At The Library Of Things, You Can Borrow Almost Anything

Owning things you barely need could soon be a thing of the past

Special Collections: REDUCE REUSE RECYCLE


At the Sharing Depot in Toronto, Canada, you can borrow thousands of items.

(AlexeiLogvinovich /

Imagine there was a place, where, instead of buying something you need to use only a few times, you could just go and borrow it. That is the idea behind The Library of Things. This growing community of communal spaces gives people access to wide variety of everyday items, ranging from board games, party supplies, DIY tools, gardening things, kitchenware, camping kit and events equipment, garden tools, clothing and tents - without needing to purchase. 

The concept was born out of the idea that there is no need for people to own all the items they may need, often times only once every few months. Now, instead of wasting money and space, they can access them through the library of things.

Specialty libraries, such as the tool library movement or toy lending libraries have been around for a long time, and led the way for the growing Library of Things movement. And the great success of the idea has proven it right. Many community-based Library of Things locations give out well over 1,000 items per week, while some also offer classes on how to use the items they offer.

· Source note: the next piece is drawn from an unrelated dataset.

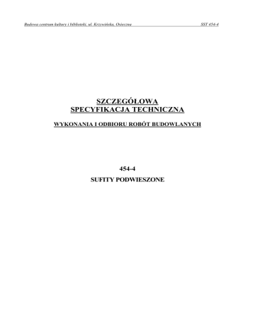 Budowa centrum kultury i biblioteki, ul. Krzywińska, Osieczna SST 454-4 SZCZEGÓŁOWA SPECYFIKACJA TECHNICZNA WYKONANIA I ODBIORU ROBÓT BUDOWLANYCH 454-4 SUFITY PODWIESZONE Budowa centrum kultury i biblioteki, ul. Krzywińska, Osieczna SST 454-4 SPIS TREŚCI 1. WSTĘP............................................................................................................................................ 3 1.1. Przedmiot SST .......................................................................................................................... 3 1.2. Zakres stosowania ..................................................................................................................... 3 1.3. Określenia podstawowe ............................................................................................................ 3 1.4. Zakres robót objętych SST........................................................................................................ 3 1.5. Ogólne wymagania dotyczące robót ......................................................................................... 3 2. MATERIAŁY ................................................................................................................................. 4 2.1. Wymagania ogólne ................................................................................................................... 4 2.2. Materiały potrzebne do wykonania robót ................................................................................. 4 3. SPRZĘT .......................................................................................................................................... 5 3.1. Wymagania ogólne ................................................................................................................... 5 3.2. Sprzęt do wykonywania robót................................................................................................... 5 4. TRANSPORT ................................................................................................................................. 5 4.1. Wymagania ogólne ................................................................................................................... 5 4.2. Transport materiałów ................................................................................................................ 5 4.3. Przechowywanie i składowanie materiałów ............................................................................. 5 5. WYKONANIE ROBÓT ................................................................................................................ 5 5.1. Wymagania ogólne ................................................................................................................... 5 5.2. Warunki przystąpienia do robót ................................................................................................ 6 5.3. Montaż okładzin z na rusztach stalowych na sufitach .............................................................. 6 6. KONTROLA JAKOŚCI ROBÓT ................................................................................................ 7 6.1. Wymagania ogólne ................................................................................................................... 7 6.2. Badania w czasie wykonywania robót ...................................................................................... 7 7. OBMIAR ROBÓT ......................................................................................................................... 8 8. ODBIÓR ROBÓT .......................................................................................................................... 8 8.1. Ogólne zasady odbioru robót. ................................................................................................... 8 8.2. Odbiór podłoży ......................................................................................................................... 8 8.3. Zgodność z dokumentacją ......................................................................................................... 8 8.4. Wymagania przy odbiorze ........................................................................................................ 8 9. PODSTAWA PŁATNOŚCI .......................................................................................................... 9 10. PRZEPISY ZWIĄZANE ............................................................................................................. 9 2 Budowa centrum kultury i biblioteki, ul. Krzywińska, Osieczna 454. SST 454-4 ROBOTY WYKOŃCZENIOWE 454-4 SUFITY PODWIESZONE 1. WSTĘP 1.1. Przedmiot SST Przedmiotem niniejszej szczegółowej specyfikacji technicznej są wymagania dotyczące wykonania i odbioru sufitów podwieszonych w związku z budową budynku centrum kultury i biblioteki wraz z zagospodarowaniem terenu oraz urządzeniami towarzyszącymi, przy ulicy Krzywińskiej w miejscowości Osieczna. Klasyfikacja wg Wspólnego Słownika Zamówień (CPV) Grupa Klasa Kategoria Opis Roboty wykończeniowe w zakresie obiektów budowlanych. 45400000-1 Roboty w zakresie zakładania stolarki budowlanej oraz roboty ciesielskie 45420000-0 45421000-4 Roboty w zakresie stolarki budowlanej 45421146-9 Instalowanie sufitów podwieszanych 1.2. Zakres stosowania Szczegółowa specyfikacja techniczna jest stosowana jako dokument przetargowy i kontraktowy przy zlecaniu i realizacji robót wymienionych w pkt. 1.1. 1.3. Określenia podstawowe Określenia i nazewnictwo użyte w niniejszej szczegółowej specyfikacji technicznej są zgodne z obowiązującymi podanymi w normach PN i przepisach Prawa budowlanego. konstrukcja – uporządkowany zespół połączonych części, zaprojektowany w celu zapewnienia określonego stopnia sztywności. Sufit podwieszony – sufit przeznaczony do zmniejszenia wysokości przestrzeni lub zapewniający miejsca dla instalacji. 1.4. Zakres robót
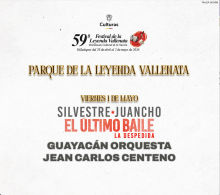 FESTIVAL DE LA LEYENDA VALLENATA 2026 Parque de la Leyenda Vallenata Valledupar 1 Mayo Vie 1 Mayo FESTIVAL DE LA LEYENDA VALLENATA 2026 Valledupar 31 Ene Sáb

While the first of libraries originated in the United States, others have sprung up in Canada, The Netherlands, England, and Germany.

"The most successful Libraries of Things are the ones do more than just lend items," Gene Homicki, co-founder and CEO of myTurn told Shareable. "They also create a strong sense of community. For example, some offer sliding scale subscriptions based on income or usage to help ensure a diverse community can afford to access the library."

"We’re helping build a future in which anywhere you live, anywhere you work," he says, "and anywhere you travel, you’ll be able to access what you want and need at a Library of Things in our network."